Bromberg: Enchanting’s “Way Back” began as “Dance Song 4”, a synopsis of an original song written by producer Ian Olympio and showrunner and music supervisor Katori Hall. Katori and Ian write these incredible summaries for our original music with extraordinary detail and background, and this synopsis was about a fairy tale gone wrong. Cinderella finds Prince Charming and turns out to be a monster, so she says “Damn, I’m doing this on my own”.

This is Keyshawn’s story in Episode 5, which is approached like a fairy tale. At the time of writing the synopsis, Katori received a kick from producer Hitkidd which perfectly summed up Keyshawn’s surreal fairy tale story. We sent the attack along with the briefing to the Atlantic, hoping Kehlani could jump. Atlantic’s Kristy Gibson came back to let us know when Kehlani was unavailable, they’ve signed this amazing upcoming rapper with Gucci Mane’s label Enchanting. We’re always open to hearing new sounds at “P-Valley,” so we said keep it up.

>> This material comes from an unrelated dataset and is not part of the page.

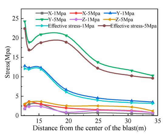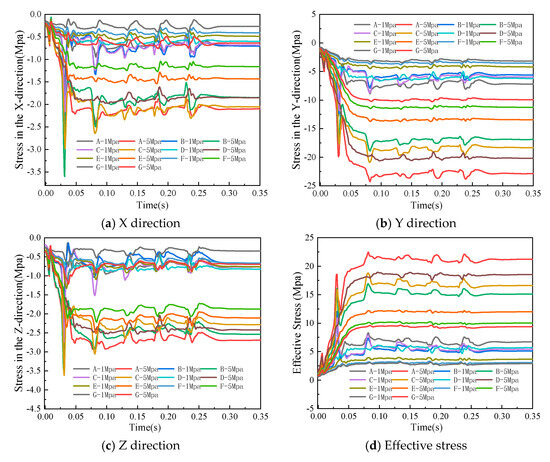 Using in situ stress values of 1 MPa and 5 MPa, respectively, we extracted the maximum values of stress in the X, Y, and Z directions and the effective stress direction for measurement points A to G. We then employed Origin to plot the curves showing stress variations with changes in the blast center. For specific results, please refer to Figure 10.

Enchanting absolutely killed the briefing. He hit all the story points with the lyrics – if you read them, you’ll see Keyshawn’s story come to life in a song. She really spoke at that moment. The texture of his voice also worked really well for the piece. We all loved it right away and felt that our wonderful choreographer, Jamaica Craft, got to work preparing the Miss Mississippi dance. The way it all comes together is a truly special moment that only “P-Valley” can create.

“7/11” by Beyonce

Bromberg: “7/11” was a song written by Katori to the script.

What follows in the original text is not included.